Work request ▸ Give again the entries below exactly, beginning at the first line and ending at the line with "Pour son retour".

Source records
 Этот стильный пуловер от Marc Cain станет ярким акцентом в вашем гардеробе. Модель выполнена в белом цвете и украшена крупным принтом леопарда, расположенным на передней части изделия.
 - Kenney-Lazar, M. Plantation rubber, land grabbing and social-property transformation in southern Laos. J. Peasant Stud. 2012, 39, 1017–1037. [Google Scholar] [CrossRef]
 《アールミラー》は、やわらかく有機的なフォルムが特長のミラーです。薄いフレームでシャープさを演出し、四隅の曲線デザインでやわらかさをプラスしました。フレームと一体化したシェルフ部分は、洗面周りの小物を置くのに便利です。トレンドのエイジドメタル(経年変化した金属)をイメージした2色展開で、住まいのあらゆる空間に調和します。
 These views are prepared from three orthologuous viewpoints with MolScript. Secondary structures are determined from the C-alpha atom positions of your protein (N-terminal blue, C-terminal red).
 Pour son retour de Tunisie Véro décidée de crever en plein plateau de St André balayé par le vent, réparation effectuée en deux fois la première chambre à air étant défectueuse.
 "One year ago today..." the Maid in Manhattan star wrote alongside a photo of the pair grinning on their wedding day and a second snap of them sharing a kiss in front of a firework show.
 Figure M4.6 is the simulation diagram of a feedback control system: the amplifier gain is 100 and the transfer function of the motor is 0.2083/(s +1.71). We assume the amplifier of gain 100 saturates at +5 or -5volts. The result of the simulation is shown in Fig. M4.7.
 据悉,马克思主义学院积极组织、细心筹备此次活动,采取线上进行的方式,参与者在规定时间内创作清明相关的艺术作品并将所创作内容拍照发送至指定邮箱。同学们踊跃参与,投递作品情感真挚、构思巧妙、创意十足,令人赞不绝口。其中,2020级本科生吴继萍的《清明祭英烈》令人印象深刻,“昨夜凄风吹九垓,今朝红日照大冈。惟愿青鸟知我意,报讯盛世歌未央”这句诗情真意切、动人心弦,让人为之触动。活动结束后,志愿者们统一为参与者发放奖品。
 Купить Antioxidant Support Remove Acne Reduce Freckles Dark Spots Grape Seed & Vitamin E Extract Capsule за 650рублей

Answer for the task ▸
 Этот стильный пуловер от Marc Cain станет ярким акцентом в вашем гардеробе. Модель выполнена в белом цвете и украшена крупным принтом леопарда, расположенным на передней части изделия.
 - Kenney-Lazar, M. Plantation rubber, land grabbing and social-property transformation in southern Laos. J. Peasant Stud. 2012, 39, 1017–1037. [Google Scholar] [CrossRef]
 《アールミラー》は、やわらかく有機的なフォルムが特長のミラーです。薄いフレームでシャープさを演出し、四隅の曲線デザインでやわらかさをプラスしました。フレームと一体化したシェルフ部分は、洗面周りの小物を置くのに便利です。トレンドのエイジドメタル(経年変化した金属)をイメージした2色展開で、住まいのあらゆる空間に調和します。
 These views are prepared from three orthologuous viewpoints with MolScript. Secondary structures are determined from the C-alpha atom positions of your protein (N-terminal blue, C-terminal red).
 Pour son retour de Tunisie Véro décidée de crever en plein plateau de St André balayé par le vent, réparation effectuée en deux fois la première chambre à air étant défectueuse.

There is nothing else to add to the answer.